Eierstokken - Hierin rijpen de eicellen.
Eileider - Vervoert de eicel naar de baarmoeder; in de eileider(s) vindt de bevruchting plaats.
Eiwitten - Bouwstoffen voor je lichaam en stoffen die eigenschappen bepalen, bijvoorbeeld je oogkleur.
Embryo - Zo heet het bolletje cellen dat innestelt in het baarmoederslijmvlies, tot twaalf weken zwangerschap.
Erectie - De penis wordt stijf doordat de zwellichamen zich met bloed vullen.
Erfelijke aandoening - Aandoening die vastligt op de genen; het erft van ouders op kinderen over.
Erfelijke eigenschappen - Eigenschap die vastligt in de genen, ouders kunnen deze doorgeven aan hun kinderen.
Fenotype - Dat wat je ziet van een eigenschap, bijvoorbeeld zwart haar.

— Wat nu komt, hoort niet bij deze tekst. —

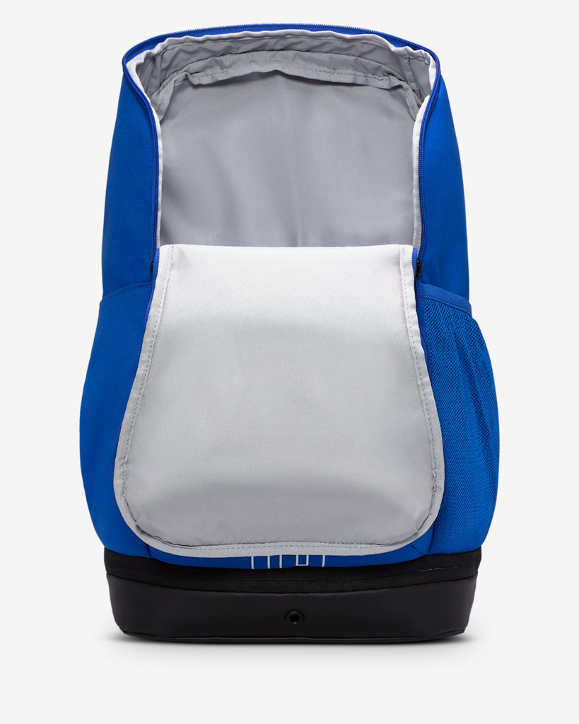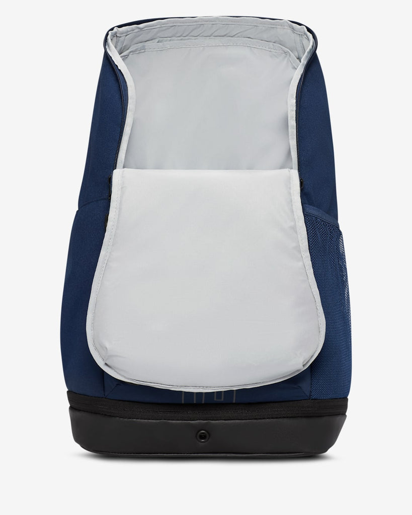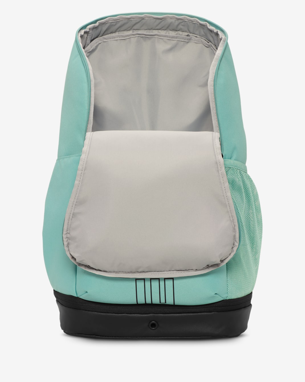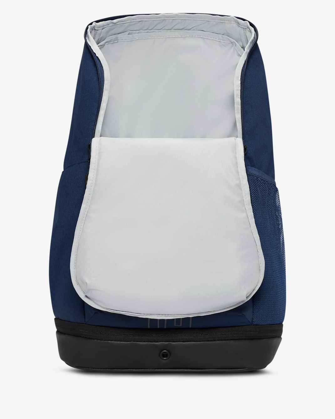 Built to support you on your fitness journey, the Nike Varsity Elite Backpack can hold anything from your water bottle to recovery tools and sneakers. The top zippered plush lined pocket of this backpack keeps your tech and essentials secure, while the ventilated bottom zippered pocket ensures your wet clothes or shoes stay separated from the rest of your belongings. The Air Max shoulder straps let you carry this backpack around in absolute comfort. Stash your training gear in style with the Nike Varsity Elite Backpack.
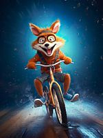 Vos op een fiets van PixelPrestige
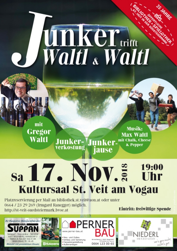 Nebenbei gibt es Junker von allen heimischen Weinbaubetrieben zu verkosten und man kann sich auch mit einer Junkerjause stärken. Platzreservierung per Mail an bibliothek.st.veit@aon.at oder unter 0664 / 23 29 269 (Irmgard Ranegger) möglich.
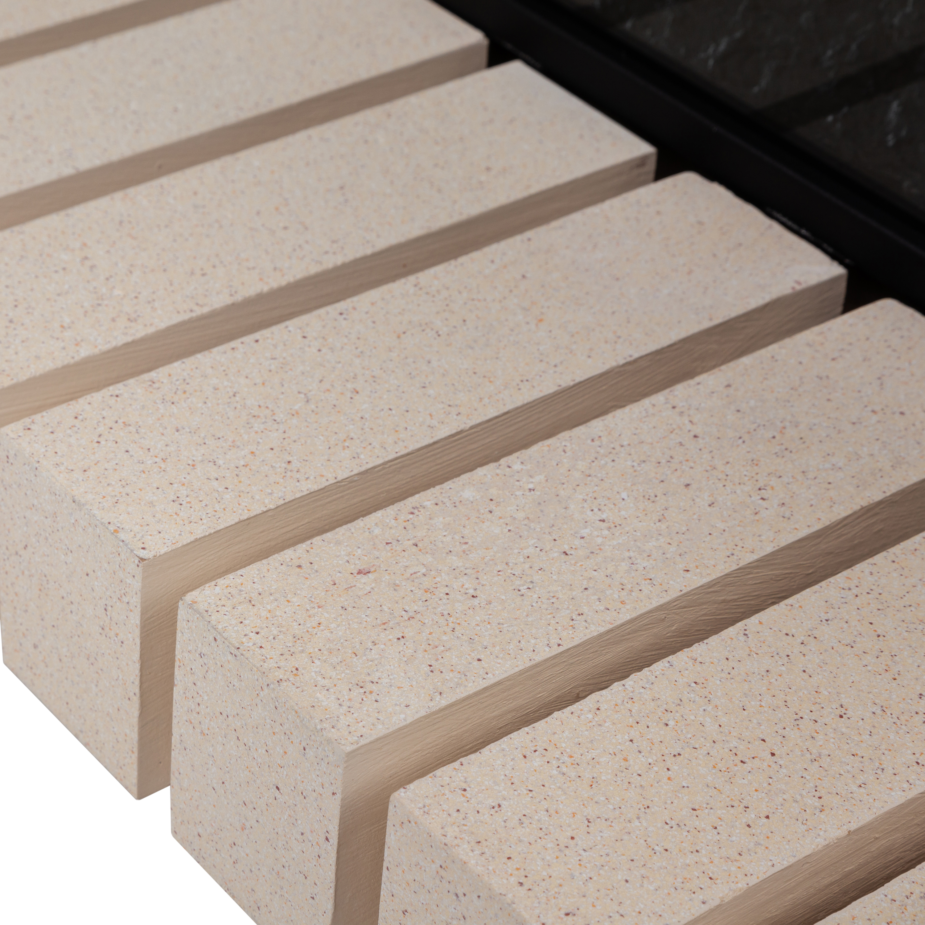 - Изготовлен из искусственного камня и МДФ, покрытого шпоном, - прочного, надежного и стойкого к любым внешним воздействиям материала. Сочетание светлого камня и дерева, декоративная фрезеровка. Дизайн дополнен выемкой для хранения дров в основании обрамления. С массивной каминной полкой.
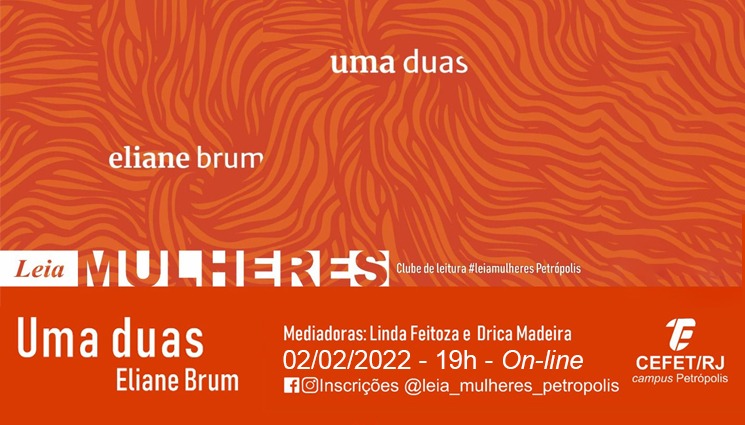 Em fevereiro, o clube de leitura Leia Mulheres irá debater o romance de estreia da jornalista, escritora e documentarista Eliane Brum: Uma duas. O livro aborda a relação de ódio e afeto entre Laura e sua mãe, trazendo um retrato expressionista e dramático, sem clichês ou eufemismos, do intrincado relacionamento entre ambas. O encontro será realizado no próximo dia 2, às 19h, pela plataforma on-line Google Meet.

Gen - Klein stukje van een chromosoom.
Genoom - Alle genen van een organisme.
Genotype - Informatie van de twee allelen voor een eigenschap.
Geslachtschromosomen - Het X- en het Y-chromosoom die het geslacht bepalen; voor een man XY en voor de vrouw XX.

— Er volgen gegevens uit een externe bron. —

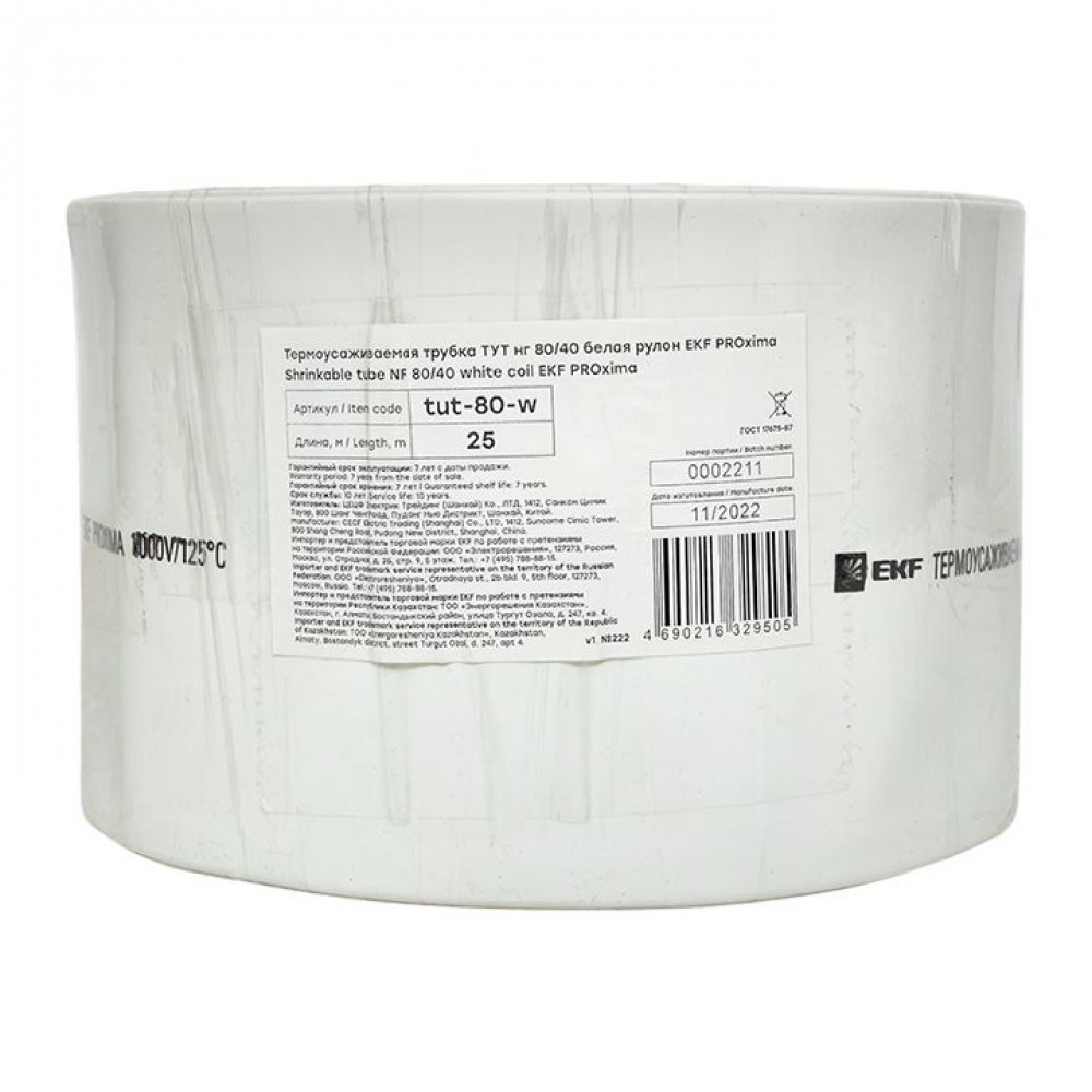 Доставка Термоусаживаемая трубка ТУТ нг 80/40 белая рулон PROxima tut-80-w

Haploïd - Als een cel van elk chromosomenpaar slechts één exemplaar bevat.
Hormoonstaafje - Voorbehoedsmiddel; een klein staafje dat onder de huid geplaatst wordt en hormonen afgeeft waardoor er geen eicel rijpt.
Hypofyse - Hormoonklier die onder aan de hersenen zit; maakt hormonen die het ontstaan van secundaire geslachtskenmerken regelt.
Innesteling - Het bolletje cellen dat na de bevruchting is ontstaan, gaat vastzitten in het baarmoederslijmvlies.
Meiose - Deling waarbij geslachtscellen ontstaan met de helft van het aantal chromosomen van een gewone cel.
Mitose - Celdeling van gewone cellen; uit een cel worden twee cellen met het volledige aantal chromosomen gevormd.
Morning-afterpil - Pil die de vrouw kan slikken tot 72 uur nadat ze seks heeft gehad zonder voorbehoedmiddel en niet zwanger wil worden.
Natte droom - Zaadlozing tijdens de slaap.
Niet-erfelijke eigenschappen - Eigenschap die niet door je genen, maar volledig door je omgeving bepaald wordt.
Oestrogeen - Vrouwelijk geslachtshormoon; hierdoor ontstaan de vrouwelijke secundaire geslachtskenmerken en wordt de menstruatiecyclus geregeld.
Pil - Voorbehoedsmiddel; hierin zitten hormonen die voorkomen dat een eicel rijpt.
Prenataal onderzoek - Onderzoek naar het ongeboren kind in de baarmoeder.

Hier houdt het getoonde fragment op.